Plasmids construction and cell culture
The gene fragment of RBD of SARS-COV-2 (NCBI ID: MN996528.1) inserted into pCAGGS plasmid was donated by Prof. Jianguo Wu, RBD fragments of SARS-COV-2 and Mink-ACE2 (NCBI ID: MW269526.1) were synthesized by Genscript Inc. The mutants of RBD genes were constructed using the Mut Express II Fast Mutagenesis Kit (Vazyme, C214). The wild type and mutant genes were cloned into pCAGGS vector with a 6 ´ Histidine tags using the EcoRI and XhoI restriction sites. Mink-ACE2 fragment was inserted into vector pcDNA3.1-eGFP (named pcDNA3.1-mACE2-eGFP). The products were subsequently transformed into competent E.coli Top10 strain. Recombinant plasmids were verified by Next-generation sequencing. Plasmid pcDNA3.1-hACE2-eGFP expressing hACE2 fused with eGFP was ordered from Fubio Ltd (MC_0101086). HEK293T and BHK-21 cells were cultured by high-sugar DMEM medium in 5% CO2 atmosphere of 37℃ incubator.
Protein expression and purification
The recombinant RBDs of SARS-COV-2 mutants were expressed in CHO cells. Recombinant pCAGGS plasmids were transfected into CHO cells in 245 mm dishes according to the manufacturer’s recommendations; the supernatant was collected and centrifuged after 5 days. The soluble proteins were purified by using HisPur™ Ni-NTA Resin (Thermo Scientific, 88221). Purified proteins were eluted in buffer consisting of 20 mM Tris-HCl (pH 8.0) and 150 mM NaCl.
Flow cytometry
The plasmids pcDNA3.1-hACE2-GFP and pcDNA3.1-mACE2-eGFP were transfected into BHK-21 cells using Liposome 6000 (Beyotime, C0526) according to the manufacturer's instructions. The cells expressing hACE2-GFP and mACE2-GFP were collected after transfection for 24 h and suspended in the PBS buffer. Then, the cells were incubated with the purified His-tagged RBDs at a final concentration of 30 μg/mL at 37ºC for 30 min.

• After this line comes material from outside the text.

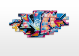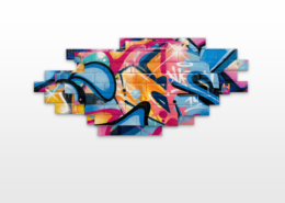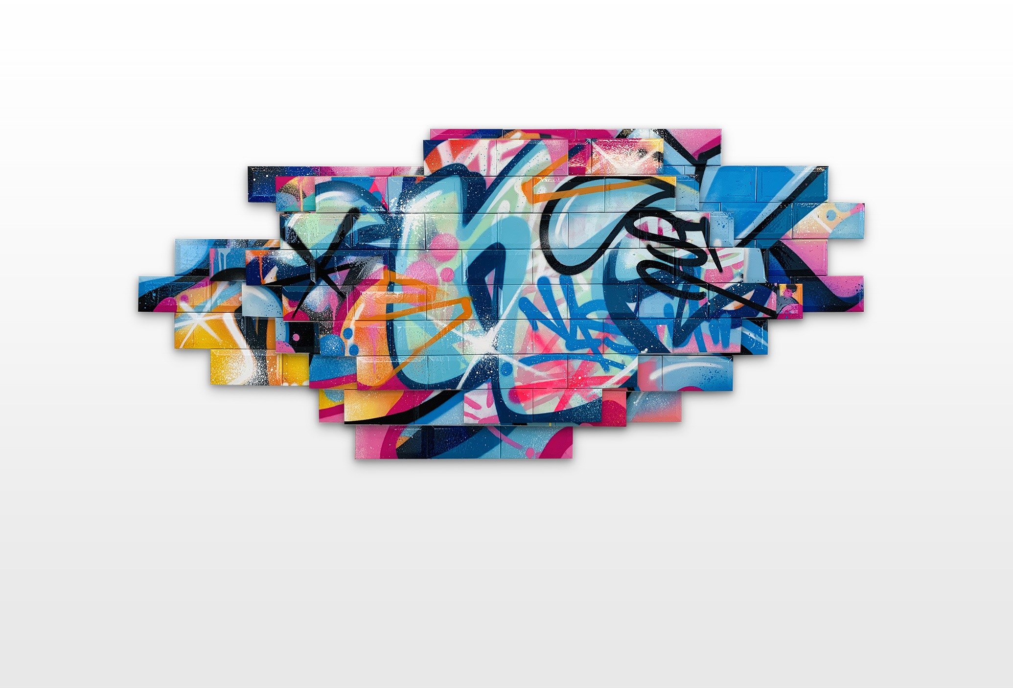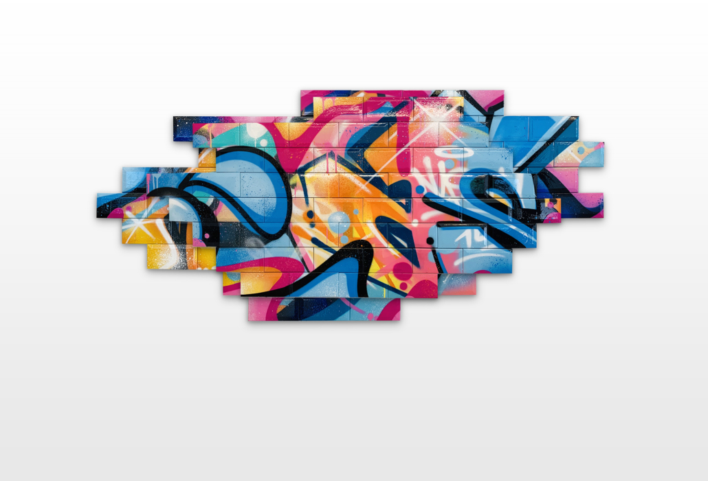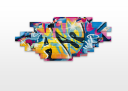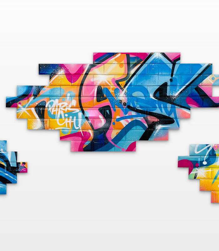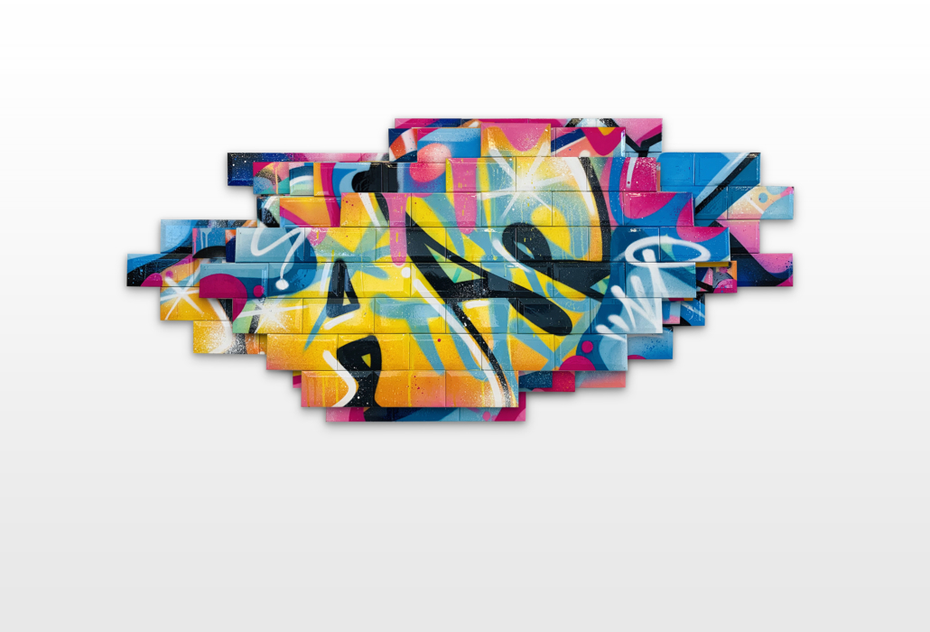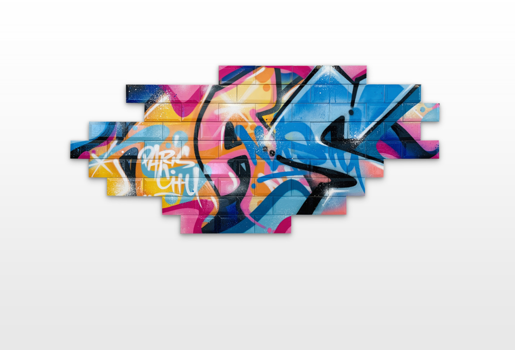 Nasty found his creativity especially in spraying metro plans, aluminum plates and ceramic tiles from Parisian subways. Thus he gave the streets, trains and subways new calligraphic style and a colorful life. His style is characterized by bright colors, as pink, purple or blue, to break the boring gray or white of the public buildings. To interrupt the monotony of urban walls his throw ups diverge from the vertical as well as the horizontal construction dimensions of the walls. Therefore passengers recognizes his distinctive style in his throw ups. Today he is still using the traditional surfaces and materials such as metro maps, signs, tiles and flat pressed spray cans and with his striking calligraphic lettering he keeps the graffiti spirit alive and yet comes up with unique pieces.

After washed by PBS twice and incubation with anti-His/APC antibodies (1:5000), the cells were determined using a BeckMan CytoFLEX and the data were analyzed using FlowJo V10 software.
Statistical analysis and mapping
Statistical analyses were performed using ANOVA followed by Turkey's post hoc test (Fig 2C&2F) or Student’s t-test (Fig 3E), and the data were considered significantly different if the p-value was less than 0.05. The SPSS 20.0 software was used for regression curve fit. ***p<0.001, **p<0.01, *p<0.05, ns. means no significant. The figures were mapped by the software PRISM GraphPad 5.0.